> _PROBLEM DESCRIPTION_: An exact copy of the lines from the start of the material below through the line containing "ACTION 2011 Iowa" is the required answer, and it includes no pictures.

> _MATERIAL FOR THIS TASK_:
====

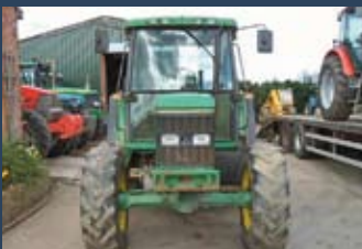
1154595 John Deere 6100-4wd

Yr. 1997, GBP 12,000.00, C E Davis & Co Ltd, Tel.: +44 1225 891 444, +44 7831 623 701, sales@cedavis.co.uk, all-wheel-drive, Cab, Sensible houred example.
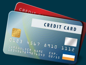
Credit card bills
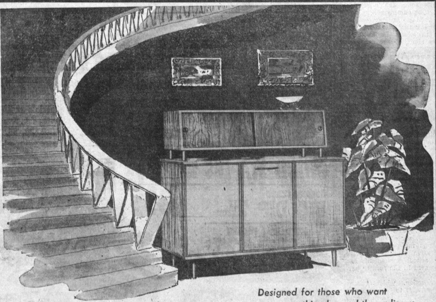
Designed for those who want something beyond the ordinary
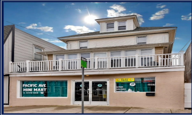
4 BEDROOM TOWNHOUSE AND STOREFRONT 3007 Pacific Avenue Wildwood, NJ
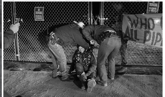
Water protectors in Texas halt construction at multiple sites along the Trans-Pecos Pipeline route. (Page 7)
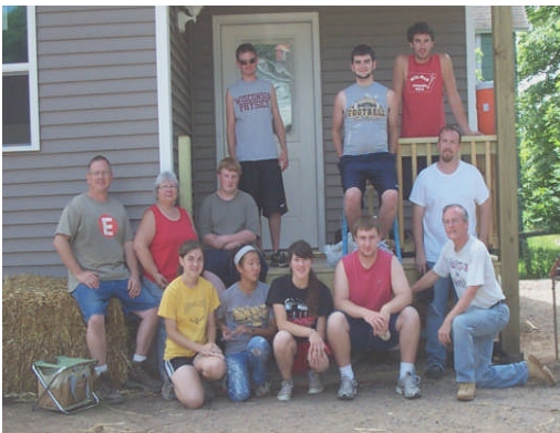
ACTION 2011 Iowa July 5-8 11 years of service to Marquette County

A HUGE thank you to all the individuals, churches, businesses and civic groups that donated over 1,300 lunches this past year. Our program would not work without your continued support!

====

> _EXERCISE ANSWER_:
1154595 John Deere 6100-4wd

Yr. 1997, GBP 12,000.00, C E Davis & Co Ltd, Tel.: +44 1225 891 444, +44 7831 623 701, sales@cedavis.co.uk, all-wheel-drive, Cab, Sensible houred example.
Credit card bills
Designed for those who want something beyond the ordinary
4 BEDROOM TOWNHOUSE AND STOREFRONT 3007 Pacific Avenue Wildwood, NJ
Water protectors in Texas halt construction at multiple sites along the Trans-Pecos Pipeline route. (Page 7)
ACTION 2011 Iowa July 5-8 11 years of service to Marquette County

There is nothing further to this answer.